I can get the Chromedriver to load the page I want for the basic Selenium program, but something about the second project (with Scrapy) prevents it from loading the URL. Instead it's stuck at showing data:, in the URL bar.

First project (works fine):

from selenium import webdriver
from selenium.webdriver.common.keys import Keys
driver = webdriver.Chrome(executable_path="./chromedriver")
driver.get("https://ricemedia.co")

Second project (doesn't load page):

import scrapy
from scrapy_selenium import SeleniumRequest
from selenium import webdriver
import time

class ExampleSpider(scrapy.Spider):
    name = 'rice'

    def start_requests(self):
        yield SeleniumRequest(
            url="https://ricemedia.co",
            wait_time=3,
            callback=self.parse
        )

    def parse(self, response):
        driver = webdriver.Chrome(executable_path="./chromedriver")
        driver.maximize_window()
        time.sleep(20)

I have browsed StackOverflow and Google, and the two most common reasons are outdated Chrome Drivers and missing http in the URL. Neither is the case for me. The path to chromedriver seems alright too (these two projects are in the same folder, along with the same chromedriver). Since one works and the other doesn't, it should have something to do with my Scrapy-Selenium spider.

I should add that I have installed Scrapy, Selenium and Scrapy-Selenium locally in my virtual environment with pip, and I doubt it's an installation issue.

Please help, thanks!

CodePudding user response：

You can use another method to install chrome driver: First of all install Webdriver manager using following pip install webdriver-manager or use maven dep to get it

Then code:

# selenium 3
from selenium import webdriver
from webdriver_manager.chrome import ChromeDriverManager

driver = webdriver.Chrome(ChromeDriverManager().install())
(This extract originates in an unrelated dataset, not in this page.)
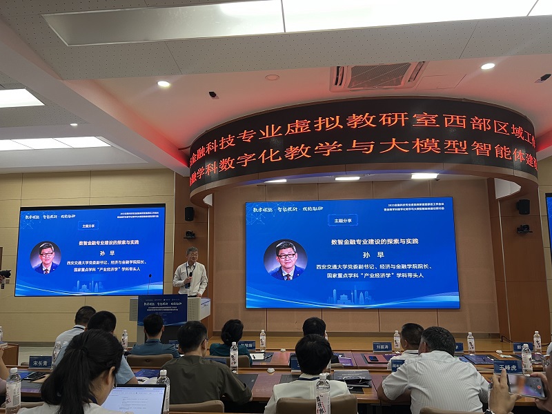 会上,西安外国语大学党委书记刘振涛强调,金融科技专业需紧扣“数智化”转型趋势,深化校企协同与跨区域合作。中央财经大学副校长李建军以“数智金融专业建设的探索与实践”为题,深入剖析了当前传统金融建设的瓶颈,并提出了未来数智化金融的发展方向。西安交通大学党委副书记孙早结合国家重点学科建设成果,提出了金融科技人才培养的跨学科路径。西安财经大学校长赵敏娟则立足整体经济环境,阐述了未来人工智能驱动金融学科的必要性。中国高校金融教育金课联盟秘书长郭金录展示了智能技术赋能教学的实践成果,西北农林科技大学经济管理学院院长石宝峰分享了学院在教书数字化转型方面的成功经验。其他学者也围绕实践教学创新、智能技术赋能课程建设等议题进行了深入分享,为金融科技专业建设提供了多元视角。

CodePudding user response：

According to scrapy-selenium doc, to run SeleniumRequest scrapy project is a must.
Chrome Driver path does not work that you have done like driver= webdriver.Chrome(executable_path="./chromedriver")
You have to use Chrome Driver path in project settings.py file
You have to put the chromedriver.exe in your project folder
No need driver.maximize_window() as scrapy-selenium well-work with headless mode
No need to use time.sleep(20) thus way as wait_time is used.
scrapy-selenium doc
You have to add scrapy-selenium middleware and execution path in settings.py file as follows:

Just copy and paste the following portion anywhere in settings.py file

#Middleware
    
DOWNLOADER_MIDDLEWARES = {
'scrapy_selenium.SeleniumMiddleware': 800
}
        
        
#Selenium
from shutil import which
SELENIUM_DRIVER_NAME = 'chrome'
SELENIUM_DRIVER_EXECUTABLE_PATH = which('chromedriver')
SELENIUM_DRIVER_ARGUMENTS = ['--headless']

Script looks like:

import scrapy
from scrapy_selenium import SeleniumRequest

class ExampleSpider(scrapy.Spider):
    name = 'rice'

    def start_requests(self):
        yield SeleniumRequest(
            url="https://ricemedia.co",
            wait_time=3,
            callback=self.parse
        )

    def parse(self, response):
        driver = response.meta['driver']
       #start coding...